Below this line are records; transcribe exactly the lines between the one holding "High-Waisted Straight Leg" and the one holding "h = 90 ; la", inclusive, and omit the pictures.
--- Provided information Enclosed Below ---
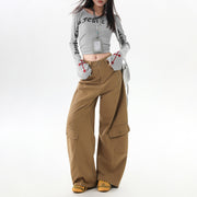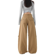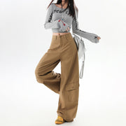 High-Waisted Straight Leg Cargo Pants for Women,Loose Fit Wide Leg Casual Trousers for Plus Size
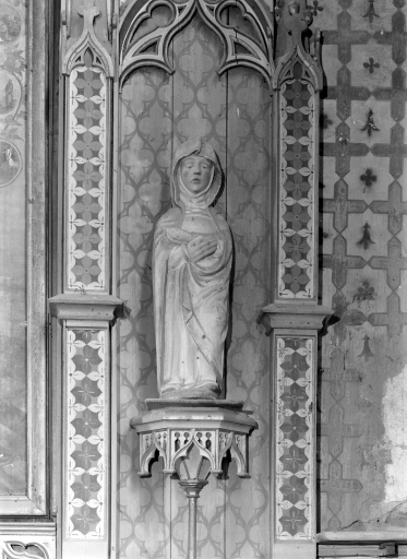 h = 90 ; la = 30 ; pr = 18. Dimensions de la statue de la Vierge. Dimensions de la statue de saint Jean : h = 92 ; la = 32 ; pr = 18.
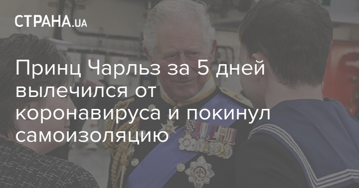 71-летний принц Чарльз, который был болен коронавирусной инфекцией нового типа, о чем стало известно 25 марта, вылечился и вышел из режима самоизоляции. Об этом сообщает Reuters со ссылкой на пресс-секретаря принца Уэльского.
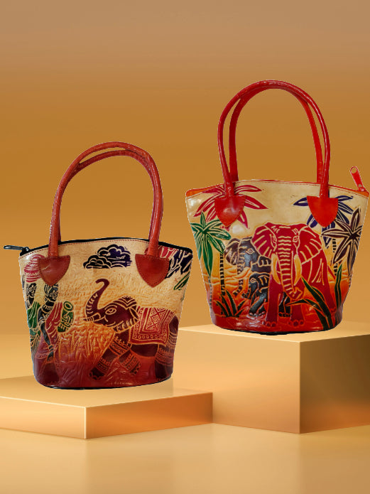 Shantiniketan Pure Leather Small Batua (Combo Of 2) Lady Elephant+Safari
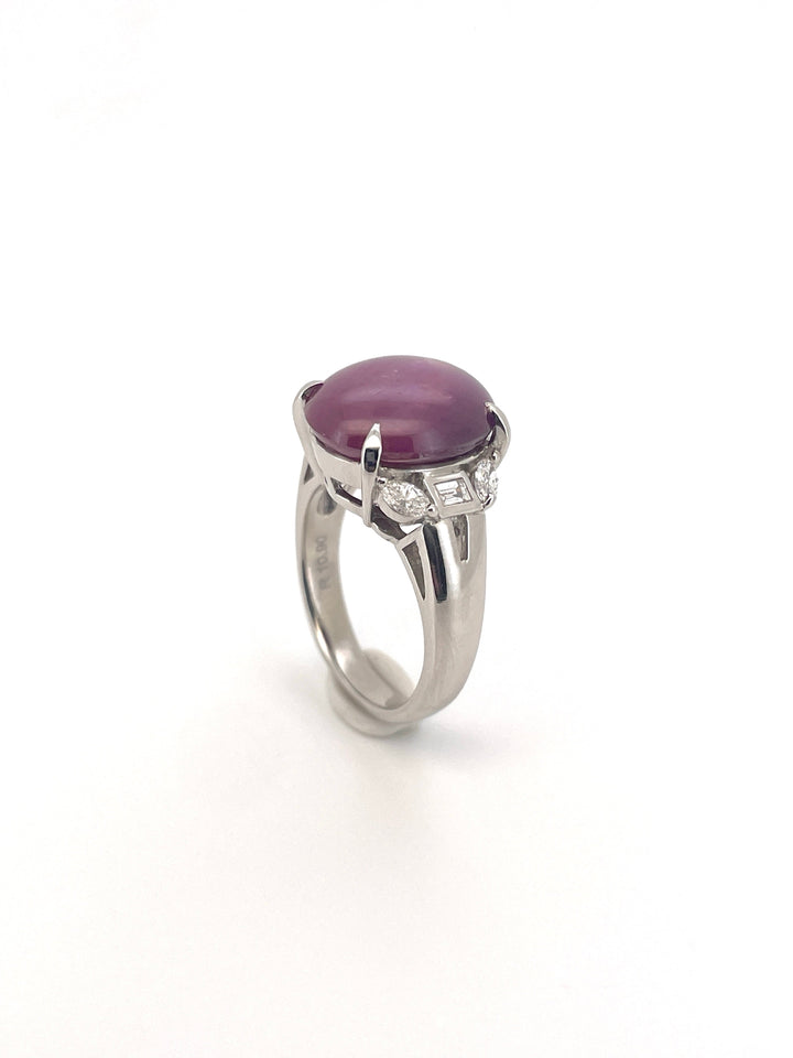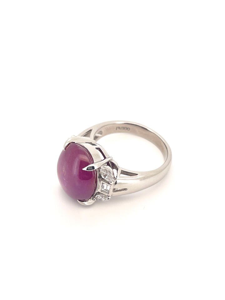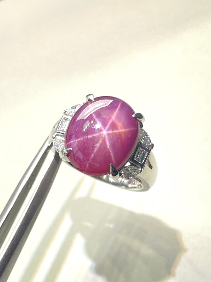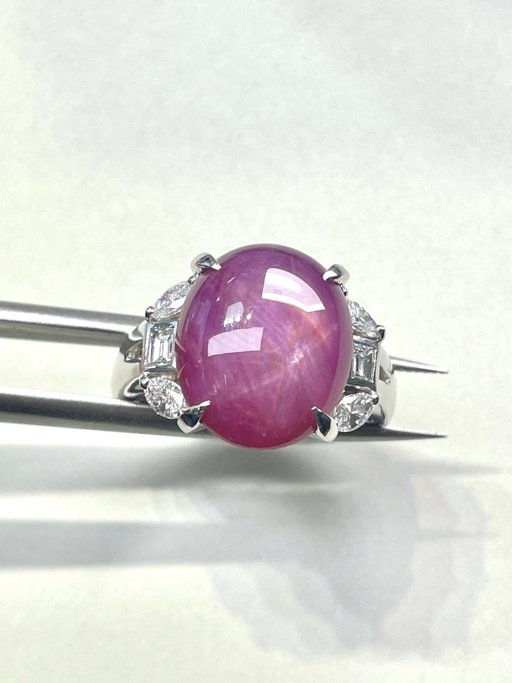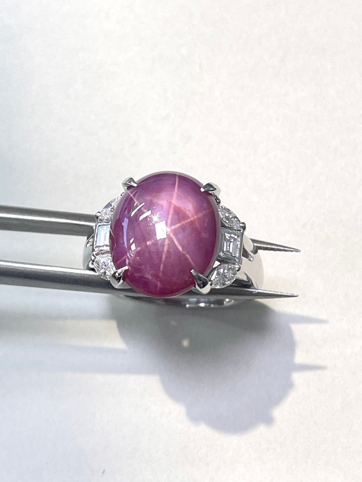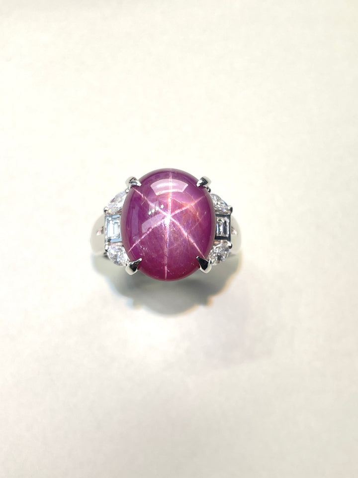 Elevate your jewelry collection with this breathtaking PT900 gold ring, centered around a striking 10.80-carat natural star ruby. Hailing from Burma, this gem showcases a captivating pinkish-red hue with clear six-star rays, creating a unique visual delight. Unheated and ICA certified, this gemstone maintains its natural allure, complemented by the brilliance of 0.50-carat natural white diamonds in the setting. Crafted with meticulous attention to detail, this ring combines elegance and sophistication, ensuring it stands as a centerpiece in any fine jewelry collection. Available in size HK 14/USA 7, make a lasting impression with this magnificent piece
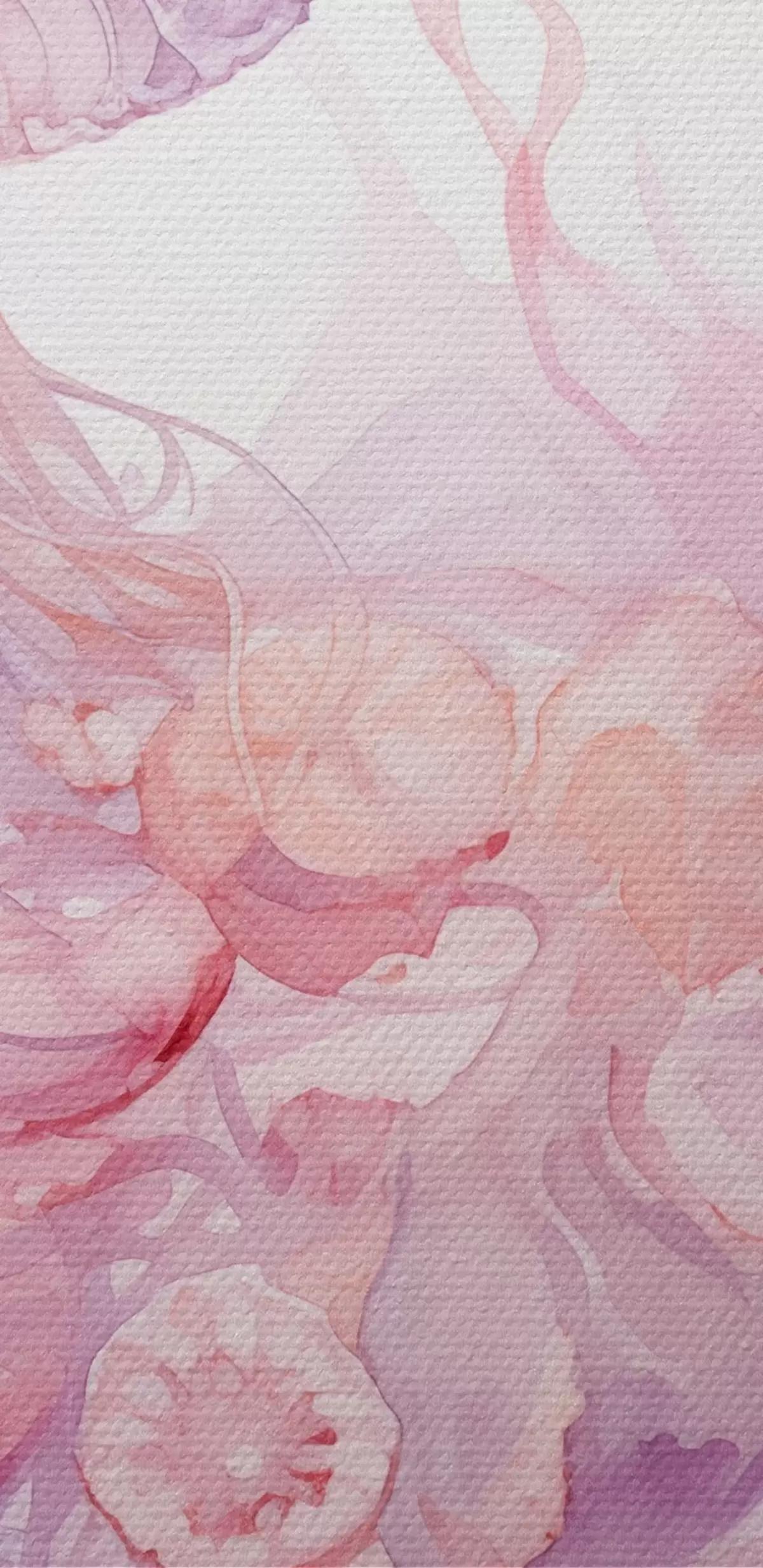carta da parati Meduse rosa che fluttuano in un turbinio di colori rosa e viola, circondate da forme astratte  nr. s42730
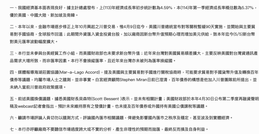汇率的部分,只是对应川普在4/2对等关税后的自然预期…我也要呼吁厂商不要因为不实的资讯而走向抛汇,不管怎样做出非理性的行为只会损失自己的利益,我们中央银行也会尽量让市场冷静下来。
--- End of Enclosed Provided information ---
--- Provided information Enclosed Below ---
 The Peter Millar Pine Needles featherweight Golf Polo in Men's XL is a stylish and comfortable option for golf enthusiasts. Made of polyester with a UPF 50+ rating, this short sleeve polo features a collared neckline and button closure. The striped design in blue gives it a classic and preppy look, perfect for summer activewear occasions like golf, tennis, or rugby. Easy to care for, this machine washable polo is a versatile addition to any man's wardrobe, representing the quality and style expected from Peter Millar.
--- End of Enclosed Provided information ---
### Solution to this problem:
 High-Waisted Straight Leg Cargo Pants for Women,Loose Fit Wide Leg Casual Trousers for Plus Size
 h = 90 ; la = 30 ; pr = 18. Dimensions de la statue de la Vierge. Dimensions de la statue de saint Jean : h = 92 ; la = 32 ; pr = 18.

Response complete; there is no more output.